EXERCISE GOAL
Retype the lines from the one containing "Jaune : paiement partiel, solde restant dû." through the last line of the entries below, exactly and in full, omitting every image.

*** Opening PROVIDED DATA ***

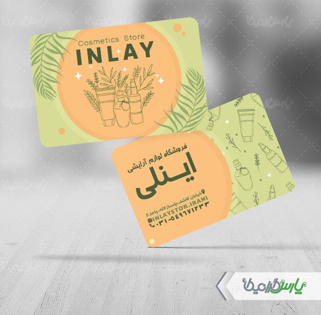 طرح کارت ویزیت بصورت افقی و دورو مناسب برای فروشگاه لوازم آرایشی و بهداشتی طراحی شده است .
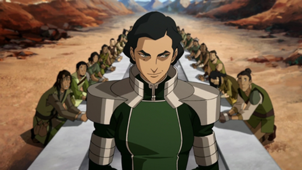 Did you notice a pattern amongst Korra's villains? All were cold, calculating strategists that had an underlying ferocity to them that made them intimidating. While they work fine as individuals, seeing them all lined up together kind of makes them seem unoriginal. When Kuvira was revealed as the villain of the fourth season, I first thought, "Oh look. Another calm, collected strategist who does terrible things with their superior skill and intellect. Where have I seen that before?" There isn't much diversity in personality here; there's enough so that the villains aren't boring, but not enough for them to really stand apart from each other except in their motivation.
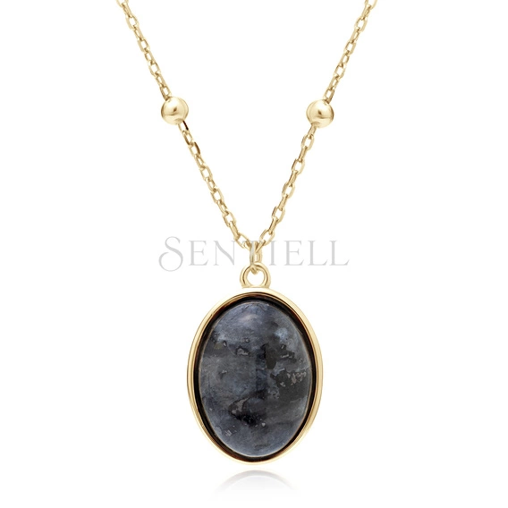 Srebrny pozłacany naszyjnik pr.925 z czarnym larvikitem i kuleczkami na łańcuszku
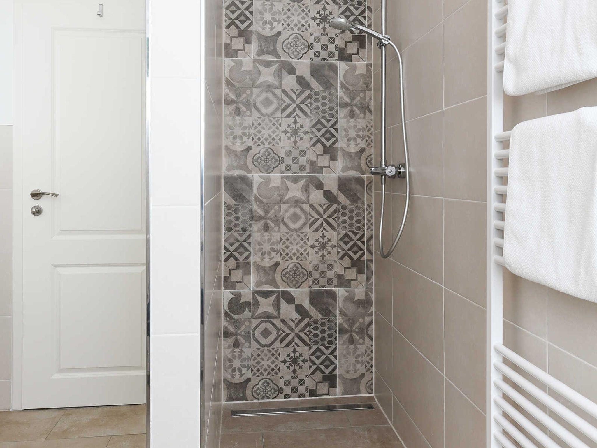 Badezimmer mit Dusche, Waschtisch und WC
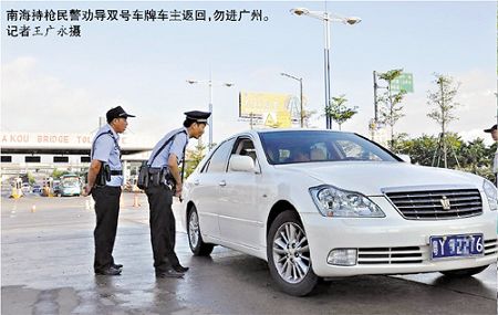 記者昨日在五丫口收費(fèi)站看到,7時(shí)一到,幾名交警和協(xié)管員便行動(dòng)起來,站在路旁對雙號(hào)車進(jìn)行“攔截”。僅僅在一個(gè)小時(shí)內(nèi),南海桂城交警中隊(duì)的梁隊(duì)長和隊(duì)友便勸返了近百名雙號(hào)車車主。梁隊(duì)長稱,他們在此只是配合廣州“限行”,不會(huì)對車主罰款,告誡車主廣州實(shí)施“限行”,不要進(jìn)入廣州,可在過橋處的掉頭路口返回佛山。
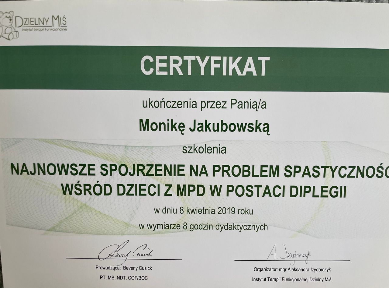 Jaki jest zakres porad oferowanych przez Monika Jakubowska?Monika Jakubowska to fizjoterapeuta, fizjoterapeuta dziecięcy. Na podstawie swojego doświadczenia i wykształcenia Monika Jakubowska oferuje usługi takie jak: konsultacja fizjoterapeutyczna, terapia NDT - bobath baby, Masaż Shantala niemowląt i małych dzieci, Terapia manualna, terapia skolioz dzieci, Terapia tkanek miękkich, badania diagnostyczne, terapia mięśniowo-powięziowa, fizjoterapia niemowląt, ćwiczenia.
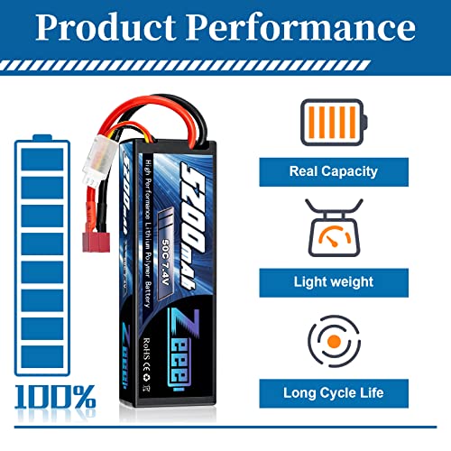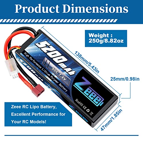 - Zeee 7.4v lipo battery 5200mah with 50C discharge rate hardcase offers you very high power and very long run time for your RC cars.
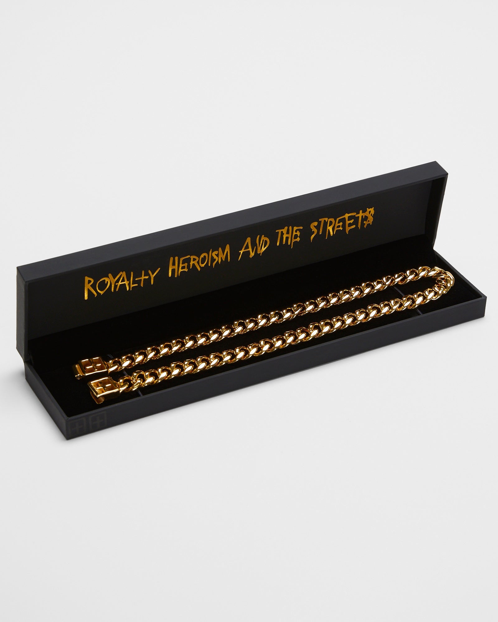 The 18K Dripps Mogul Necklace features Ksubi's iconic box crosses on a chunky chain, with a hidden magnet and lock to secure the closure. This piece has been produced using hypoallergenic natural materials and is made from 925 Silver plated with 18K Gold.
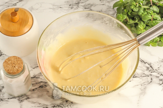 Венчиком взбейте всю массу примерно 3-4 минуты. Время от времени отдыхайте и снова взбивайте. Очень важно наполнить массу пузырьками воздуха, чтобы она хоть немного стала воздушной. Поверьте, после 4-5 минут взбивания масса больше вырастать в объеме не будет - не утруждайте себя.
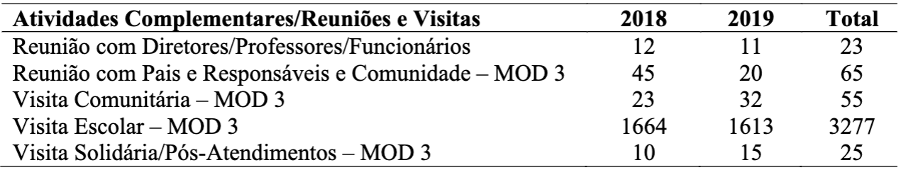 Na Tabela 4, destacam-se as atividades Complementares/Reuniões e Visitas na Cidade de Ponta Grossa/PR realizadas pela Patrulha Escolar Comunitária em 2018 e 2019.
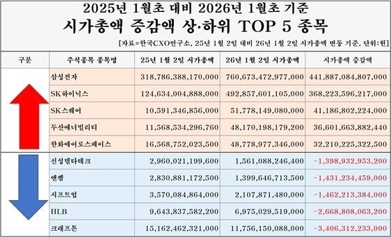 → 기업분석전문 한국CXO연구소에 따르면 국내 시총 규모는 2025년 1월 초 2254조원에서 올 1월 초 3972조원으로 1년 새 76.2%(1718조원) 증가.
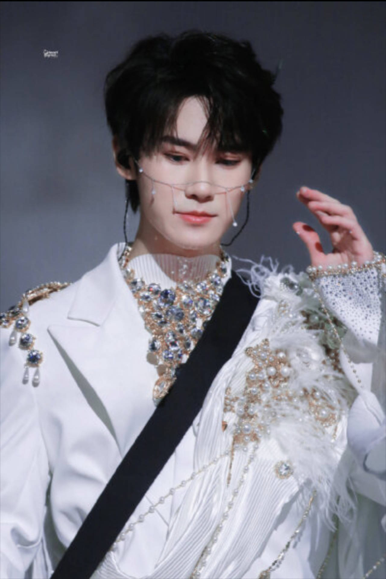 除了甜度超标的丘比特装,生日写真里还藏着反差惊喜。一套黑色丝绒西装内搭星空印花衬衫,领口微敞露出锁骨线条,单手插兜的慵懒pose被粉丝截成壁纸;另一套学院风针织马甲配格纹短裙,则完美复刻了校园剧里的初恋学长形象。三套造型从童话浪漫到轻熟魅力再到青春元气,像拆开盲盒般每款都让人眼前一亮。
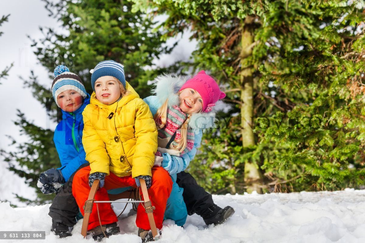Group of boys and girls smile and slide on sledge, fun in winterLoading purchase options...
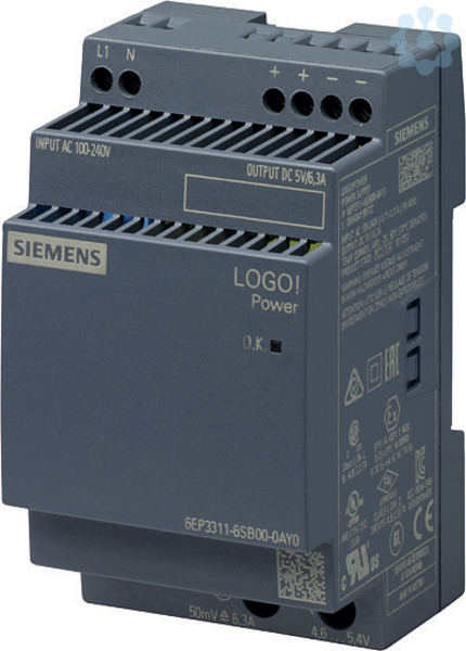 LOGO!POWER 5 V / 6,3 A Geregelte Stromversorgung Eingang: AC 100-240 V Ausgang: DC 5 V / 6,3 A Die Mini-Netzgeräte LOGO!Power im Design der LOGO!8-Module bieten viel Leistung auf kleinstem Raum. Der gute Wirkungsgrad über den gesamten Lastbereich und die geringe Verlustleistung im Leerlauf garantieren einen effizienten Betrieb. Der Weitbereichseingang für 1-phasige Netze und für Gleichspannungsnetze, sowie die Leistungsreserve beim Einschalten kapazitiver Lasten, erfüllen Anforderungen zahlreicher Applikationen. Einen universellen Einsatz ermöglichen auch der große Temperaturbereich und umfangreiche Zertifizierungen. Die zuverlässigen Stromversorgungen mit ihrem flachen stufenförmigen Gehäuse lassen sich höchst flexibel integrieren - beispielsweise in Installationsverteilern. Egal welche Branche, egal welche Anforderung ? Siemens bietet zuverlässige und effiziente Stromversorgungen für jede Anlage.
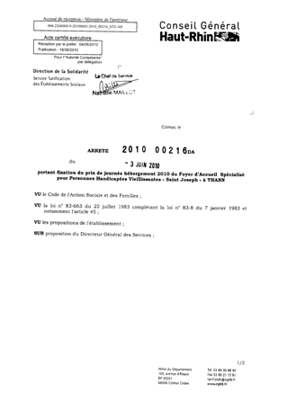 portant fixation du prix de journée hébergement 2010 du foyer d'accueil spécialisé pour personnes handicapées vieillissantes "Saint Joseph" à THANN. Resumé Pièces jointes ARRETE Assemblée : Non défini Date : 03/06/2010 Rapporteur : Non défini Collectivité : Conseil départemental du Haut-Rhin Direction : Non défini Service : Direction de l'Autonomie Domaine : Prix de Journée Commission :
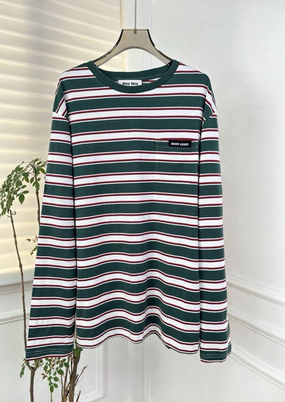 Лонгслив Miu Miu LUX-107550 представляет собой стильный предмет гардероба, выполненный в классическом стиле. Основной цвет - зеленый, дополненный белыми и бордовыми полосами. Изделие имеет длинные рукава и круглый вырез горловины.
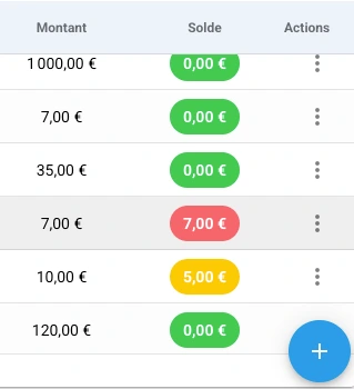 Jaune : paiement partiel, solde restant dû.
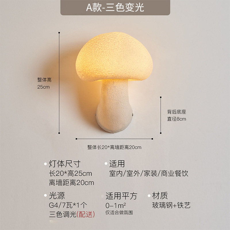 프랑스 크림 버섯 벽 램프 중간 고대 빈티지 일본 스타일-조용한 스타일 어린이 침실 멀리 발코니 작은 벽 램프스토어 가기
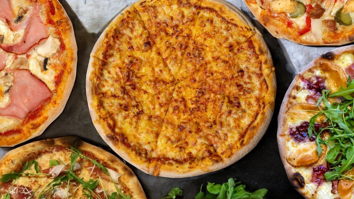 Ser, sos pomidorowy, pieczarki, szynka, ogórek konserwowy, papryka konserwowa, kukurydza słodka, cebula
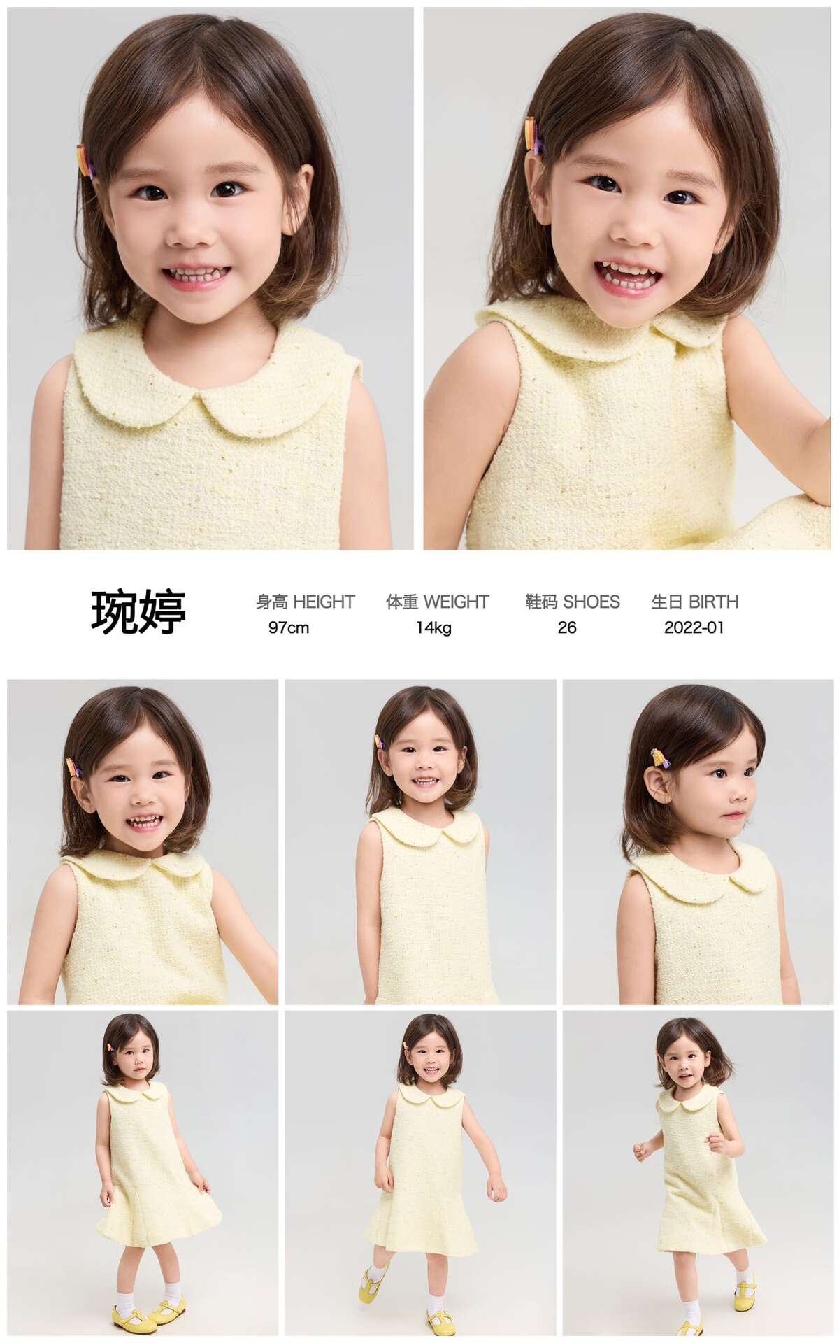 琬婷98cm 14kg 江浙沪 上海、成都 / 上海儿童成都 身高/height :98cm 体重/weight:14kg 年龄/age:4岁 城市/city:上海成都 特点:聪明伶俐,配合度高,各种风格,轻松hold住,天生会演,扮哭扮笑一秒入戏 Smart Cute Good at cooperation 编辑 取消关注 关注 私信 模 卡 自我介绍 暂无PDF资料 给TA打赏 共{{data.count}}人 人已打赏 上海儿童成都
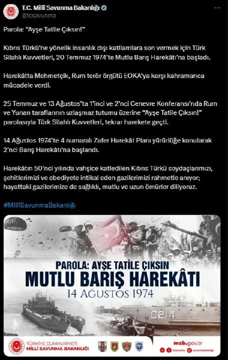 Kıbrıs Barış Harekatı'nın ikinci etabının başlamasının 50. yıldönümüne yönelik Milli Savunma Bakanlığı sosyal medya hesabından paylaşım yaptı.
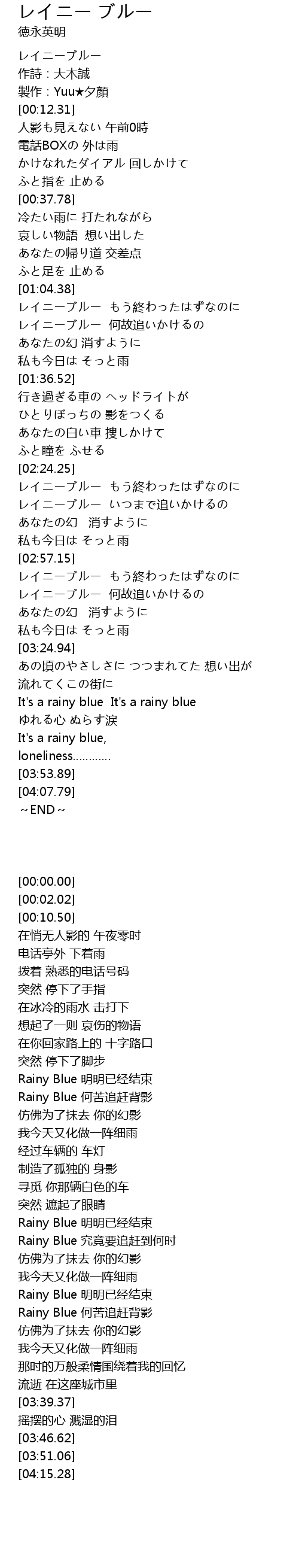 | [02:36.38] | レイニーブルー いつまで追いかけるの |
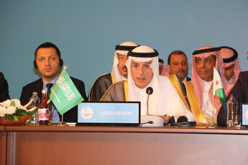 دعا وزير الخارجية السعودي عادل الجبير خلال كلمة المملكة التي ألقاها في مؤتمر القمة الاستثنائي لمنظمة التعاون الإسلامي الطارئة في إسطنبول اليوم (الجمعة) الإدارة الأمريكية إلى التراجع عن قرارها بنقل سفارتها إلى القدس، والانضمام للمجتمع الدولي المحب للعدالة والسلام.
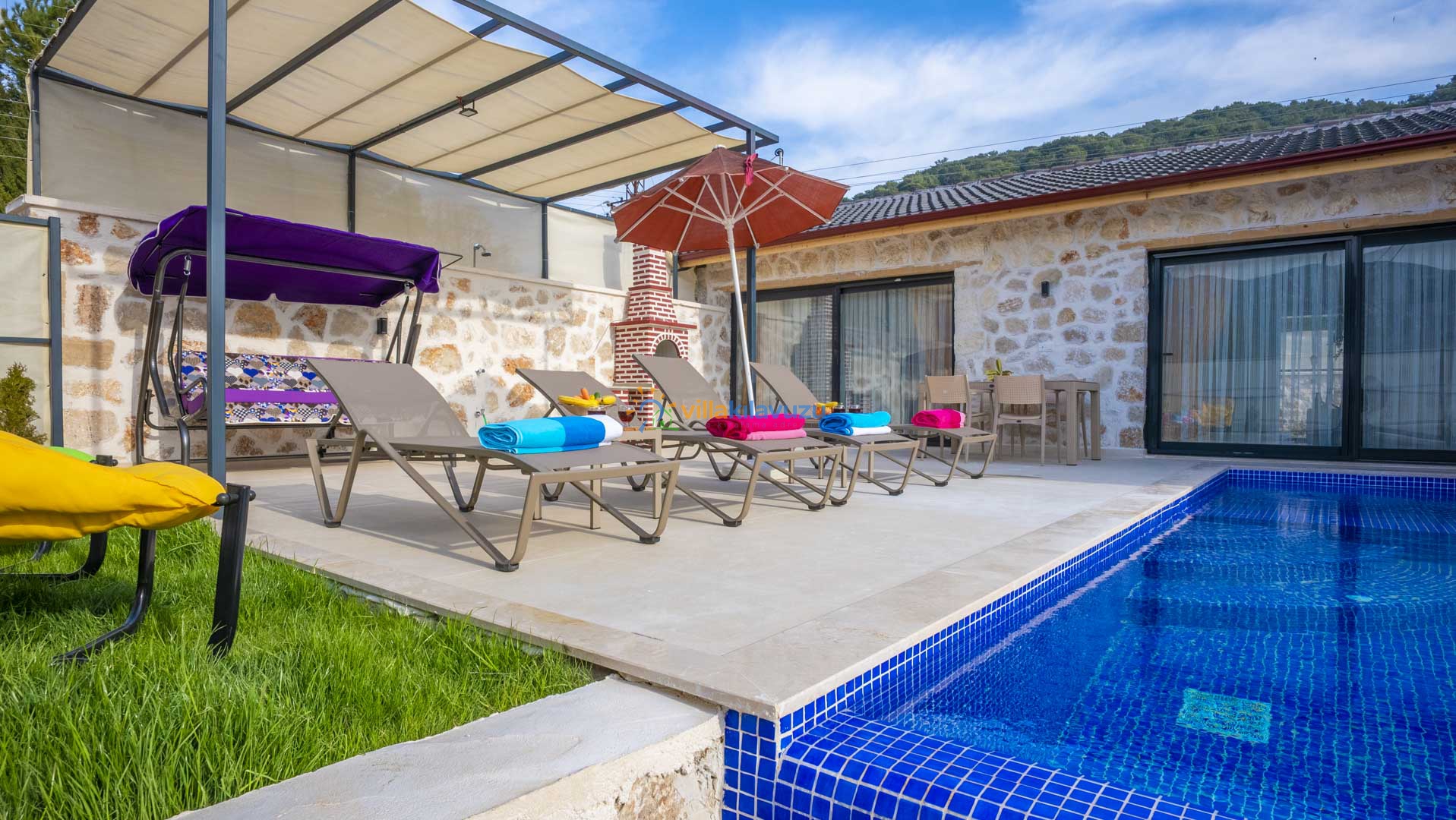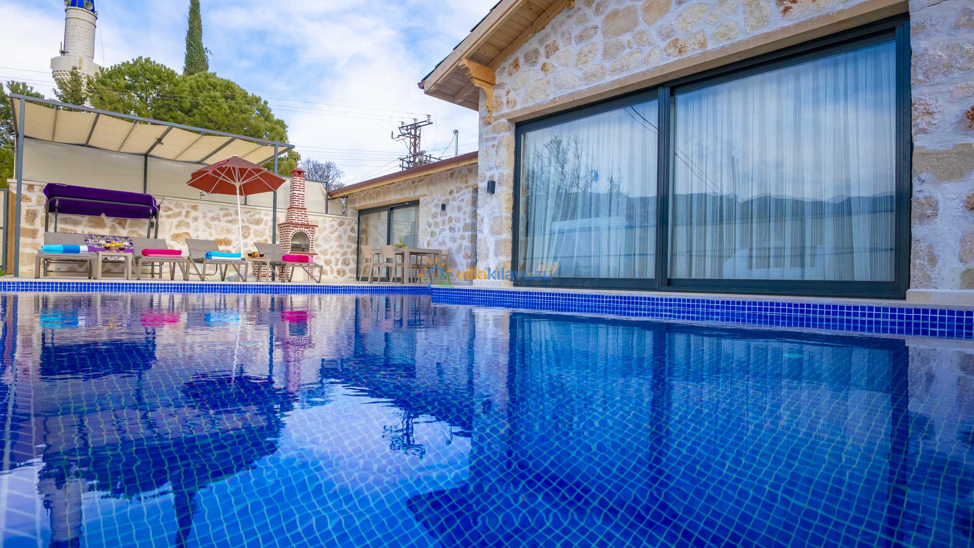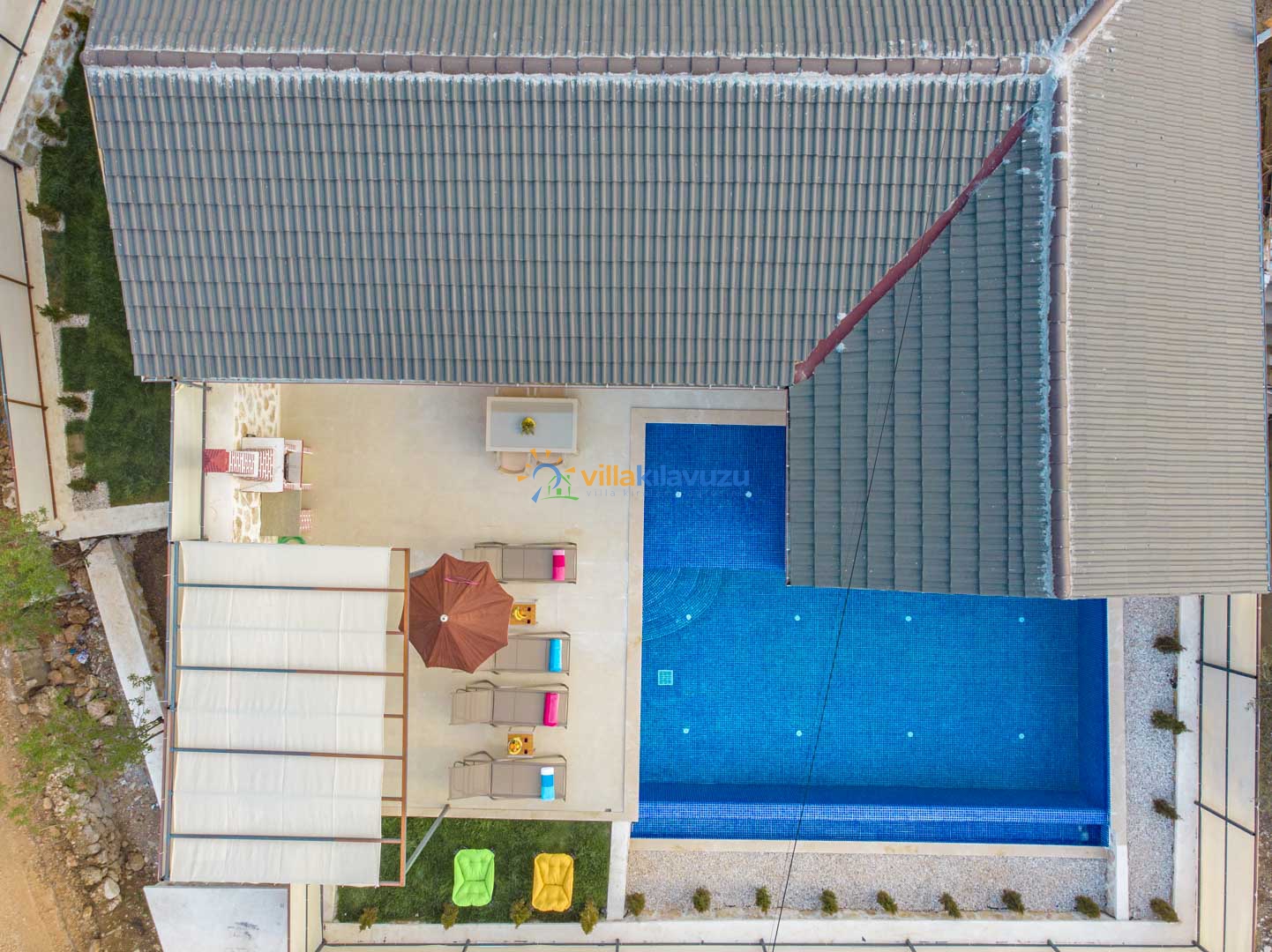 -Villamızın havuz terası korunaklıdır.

*** Closing PROVIDED DATA ***

RESULT OF THE TASK
 Jaune : paiement partiel, solde restant dû.
 프랑스 크림 버섯 벽 램프 중간 고대 빈티지 일본 스타일-조용한 스타일 어린이 침실 멀리 발코니 작은 벽 램프스토어 가기
 Ser, sos pomidorowy, pieczarki, szynka, ogórek konserwowy, papryka konserwowa, kukurydza słodka, cebula
 琬婷98cm 14kg 江浙沪 上海、成都 / 上海儿童成都 身高/height :98cm 体重/weight:14kg 年龄/age:4岁 城市/city:上海成都 特点:聪明伶俐,配合度高,各种风格,轻松hold住,天生会演,扮哭扮笑一秒入戏 Smart Cute Good at cooperation 编辑 取消关注 关注 私信 模 卡 自我介绍 暂无PDF资料 给TA打赏 共{{data.count}}人 人已打赏 上海儿童成都
 Kıbrıs Barış Harekatı'nın ikinci etabının başlamasının 50. yıldönümüne yönelik Milli Savunma Bakanlığı sosyal medya hesabından paylaşım yaptı.
 | [02:36.38] | レイニーブルー いつまで追いかけるの |
 دعا وزير الخارجية السعودي عادل الجبير خلال كلمة المملكة التي ألقاها في مؤتمر القمة الاستثنائي لمنظمة التعاون الإسلامي الطارئة في إسطنبول اليوم (الجمعة) الإدارة الأمريكية إلى التراجع عن قرارها بنقل سفارتها إلى القدس، والانضمام للمجتمع الدولي المحب للعدالة والسلام.
 -Villamızın havuz terası korunaklıdır.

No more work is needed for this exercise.